Insulin is believed to play a key role in the partitioning of nutrients towards fat and protein deposition. The biological effects of insulin are a function of plasma insulin concentration, insulin-receptor concentration and the affinity of the receptor. The number and affinity of insulin receptors on adipocytes differs between genetically lean and obese pigs (Camara and Mourot, 1996) while receptor number, but not affinity, was shown to differ in a variety of bovine muscles (Boge et al., 1995). The objective of the current work was to determine if insulin receptor affinity and number vary between the principal target tissues (i.e. liver, muscle and adipose tissue) in the bovine animal.

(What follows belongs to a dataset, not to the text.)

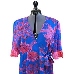 Hope & Ivy Maternity Floral Wrap Dress Size 16 Pregnancy Boho Blue & Pink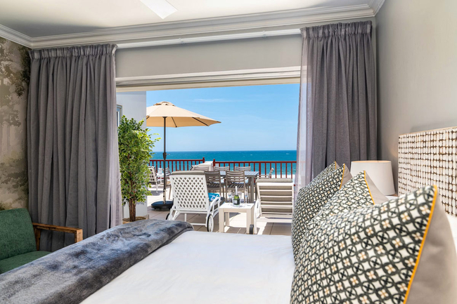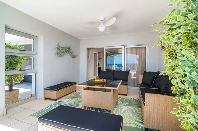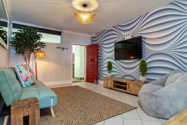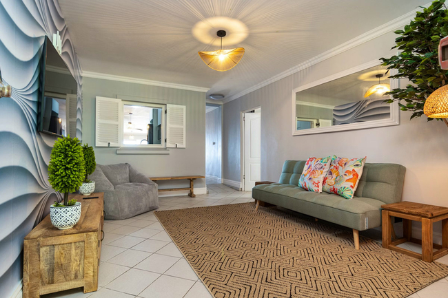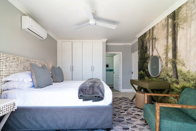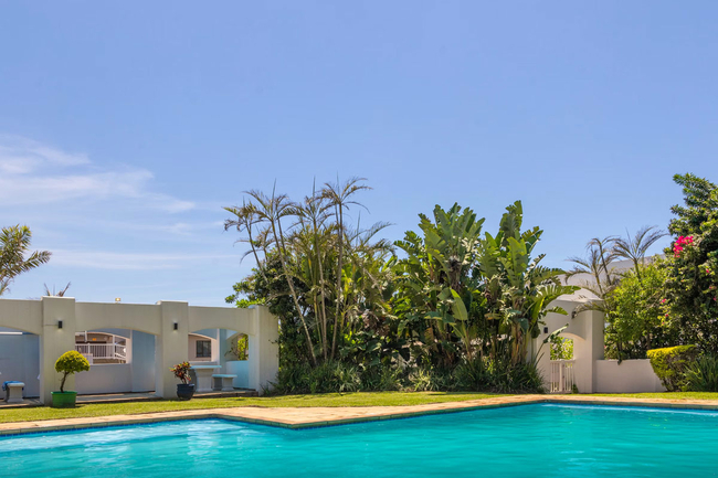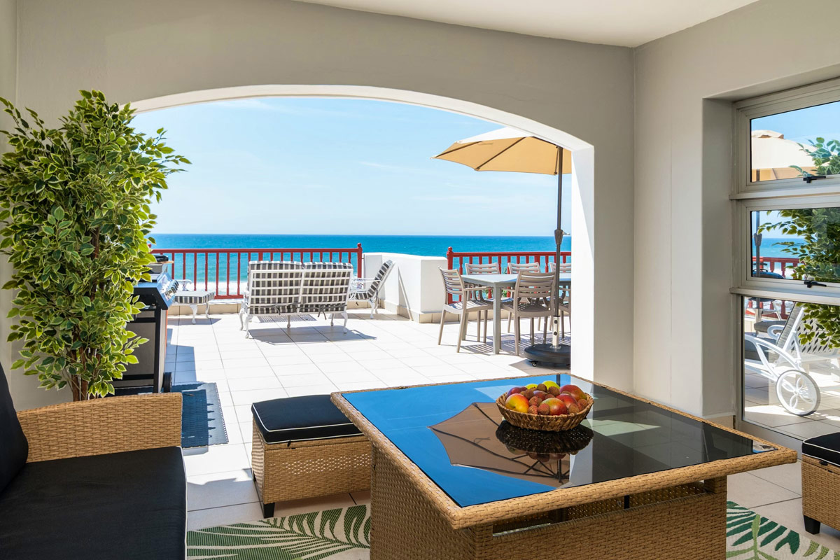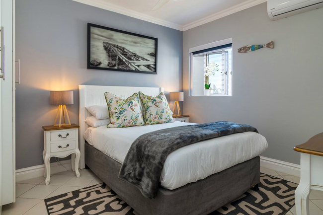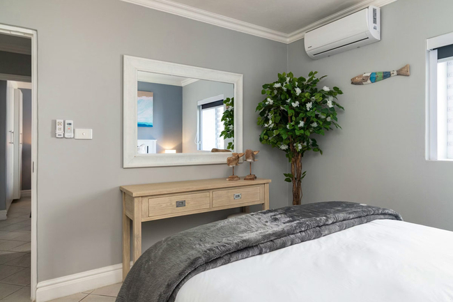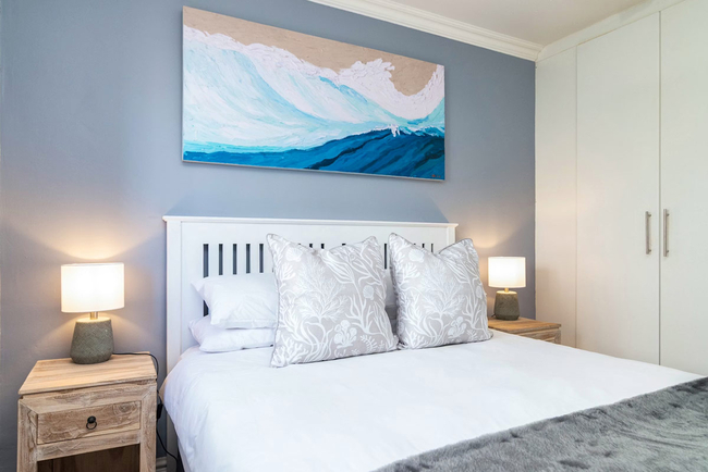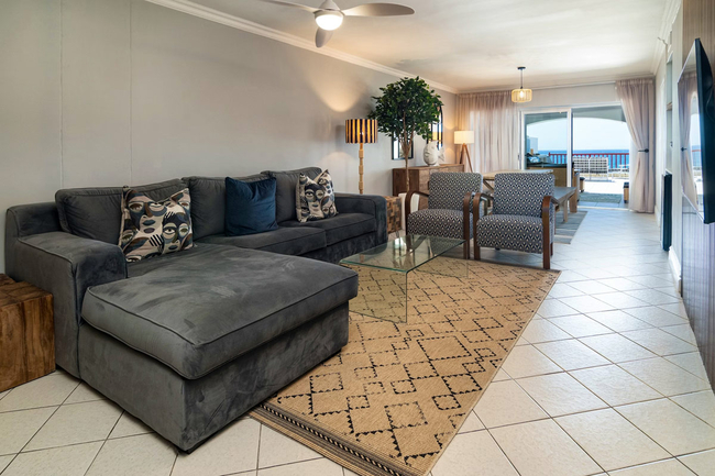 The apartment comfortably accommodates up to nine guests across four well-appointed bedrooms. The main bedroom features a king-size bed and a private en-suite bathroom complete with a bath, shower, toilet and basin. The second bedroom is furnished with a double bed, while the third bedroom offers two single beds, and the fourth bedroom includes a further double bed. A single sleeper couch is available in the living area for additional flexibility. The second bathroom is fitted with a shower, toilet and basin. Fresh bed linen and bath towels are provided for guest convenience. The open-plan living space incorporates a fully equipped kitchen with a fridge-freezer, stove, oven, airfryer, dishwasher, washing machine and tea and coffee-making facilities, ensuring a practical and comfortable self-catering experience. The lounge area is tastefully furnished with ample seating and a television, and complimentary high-speed Wi-Fi is available throughout. This living area opens onto a veranda furnished with outdoor seating and braai facilities, offering pleasant views of the garden and surrounding coastal environment. Guests may enjoy the use of the communal swimming pool, secure on-site parking and direct beach access. The apartment’s central position allows for effortless access to nearby restaurants and a variety of coastal pursuits, making it particularly well suited to families and groups seeking both convenience and relaxation.

Five Charolais-cross steers were offered grass silage ad libitum from 18 months of age until slaughter, at 701± 22.9 kg, at a commercial abattoir. Samples of liver [L], of two skeletal muscles [Ml, M3] and of subcutaneous [S], omental [0]and renal [R] fats were taken as soon as possible after slaughter (typically <30min for L, M3, S and O and <45min for Mland R), wrapped and snap frozen in liquid nitrogen prior to storage at -70 °. Insulin receptors were partially purified by solubilising tissues in 1% Triton X-100 for 24 hours at 4 °C followed by centrifugation (100000 x g, lh, 4°) and affinity chromatography of the supernatants on 0.5 ml wheatgerm agglutinin Sepharose 6MB columns. Bound receptors were eluted from the column with 0.3M N-acetyl-D-glucosamine. Receptor binding was assessed using a tracer amount of A-14 125I-insulin (∼35 pM) and increasing concentrations of unlabelled insulin (0-10 μM) in a total volume of 150 μl of pH 7.4 buffer as described by Magri et al (1990).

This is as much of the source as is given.